Harlan,

On 03/06/2015 10:35 AM, Harlan Stenn wrote:
Folks,

A while ago we got a request from the embedded folks asking for a way to
limit the writing of the drift file unless there was a "big enough"
change in the value to warrant this.

Somebody came up with an interesting way to do this that involves
looking to see how much the drift value has changed and only writing the
value if the change was "big enough".

By my read of the code and the comments:

1) it looks like the code is implementing something other  than what the
comments want, and

2) what's described *or* implemented seems way more complicated than
what we need.

I'm wondering if we should just let folks specify a drift/wander
threshold, and if the current value is more than that amount we write
the file, and if the current value is less than that amount we don't
bother updating the file.  If folks are on a filesystem where the number
of writes doesn't matter, no value would be set (or we could use 0.0)
and it's not an issue.

Thoughts?


For embedded systems, reducing the rate of writing make sense, so in this regard the question is valid IMHO.

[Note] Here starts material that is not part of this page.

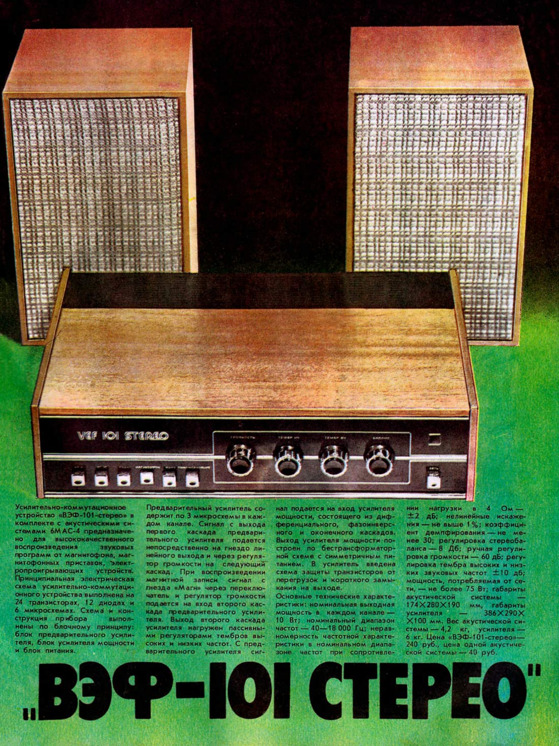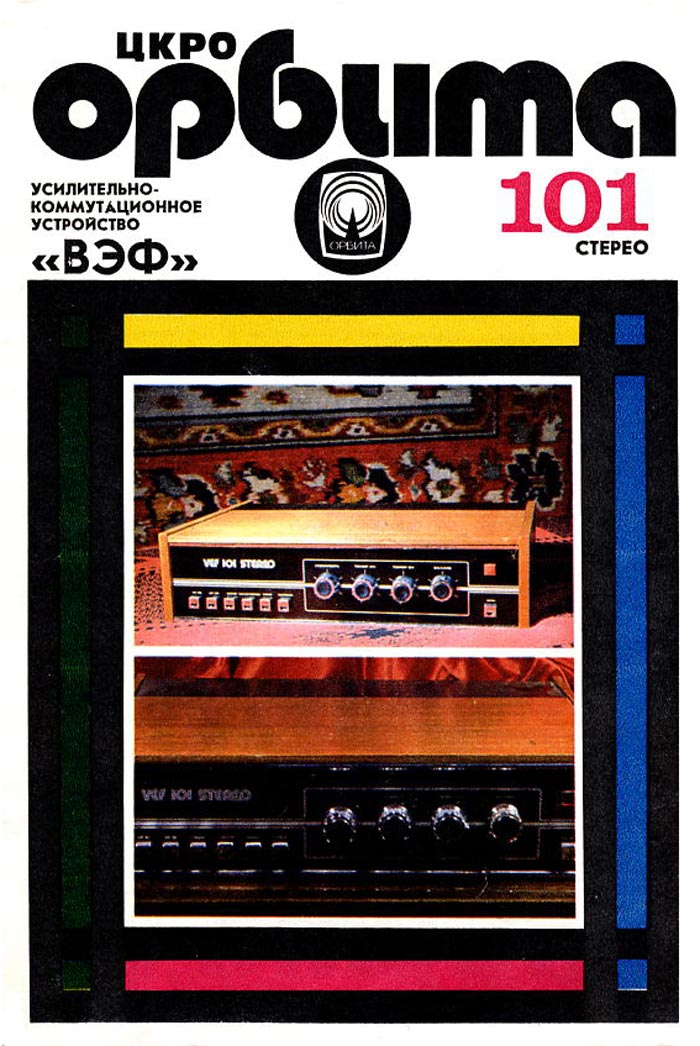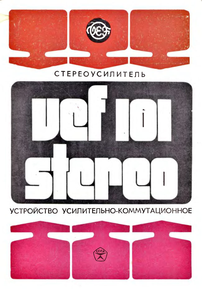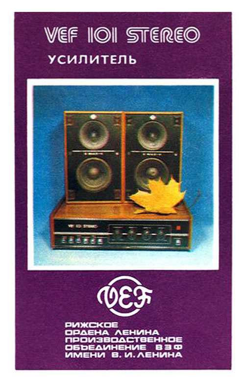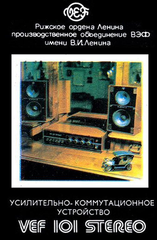 Усилительно-коммутационное устройство *ВЭФ-101-стерео* с 1977 года выпускал Государственный электротехнический завод *ВЭФ*. *ВЭФ-101-стерео* обеспечивает высококачественное усиление моно и стерео фонограм с различных источников. УКУ содержит 24 транзистора, 12 диодов, шесть интегральных микросхем, состоит из блока ПУ, блока УМ, стабилизированного БП. Сигналы с выходов каскадов первых ПУ поступают на разъём линейного выхода. При прослушивании магнитной записи сигнал через переключатель и регулятор громкости подается непосредственно на вход вторых каскадов ПУ. УКУ имеет защиту транзисторов УМ от перегрузок или коротких замыканий. В УКУ возможно прослушивание фонограмм с помощью АС и стереотелефонов, подключение магнитоэлектрического и пьезокерамического звукоснимателя. Ручки управления вынесены на переднюю панель. УКУ комплектуется АС - *6МАС-4*. Номинальная выходная мощность 2х10 Вт; диапазон рабочих частот 40..18000 Гц при неравномерности АЧХ - 5 дБ; потребляемая от сети мощность 75 Вт. Размеры усилителя 386х290х100 мм, вес 6 кг. Габариты АС - 174х280х190 мм. Масса 4,2 кг. Усилитель *ВЭФ-101-стерео* за годы своего производства неоднократно модернизировался.

There can't be a universal limit that will once and for all satisfy all needs, so some user configurability would make sense.

Another aspect is that if a drift-file exists, NTP believes it and skip the frequency track-in phase and does not resolve the resulting constant reset of time that will be a result of not being able to track in the difference between the given offset and actual offset, if it is too large (this addresses Jochen's 3rd point about worst case scenario). I discovered this the hard way some years back, but I think it never got resolved. Anyway, as long as this misfeature remains, lowering the drift-write rate could lead to subtle misconfiguration issues worse than existing drift-file issues. This would limit the range of values users could configure and it would also end up expose the existing misfeature since we need to make sure that there is a very high likelihood that the drift-value written is within the capture range of the PLL mode, even when written more seldom.

Trying to modify the way NTP write (Joochen's point 1) does not help for flashes, it's the write itself which may be long-term destruction, so it is reducing the rate of write which should be the key. It might be better to do the write as part of shut-down.

In general, the drift-file handling should be made more fool-proof first, before attempting to improve the write rate issue. It has already proven itself causing a number for problems, but rather than addressing it directly, trying to address triggers seems to be the main problem. Until this is done, the drift-file can be a beneficial accelerator for systems where it works, but may be discouraged for other system uses. It's main motivation is to overcome the FLL phase time of NTP start-up.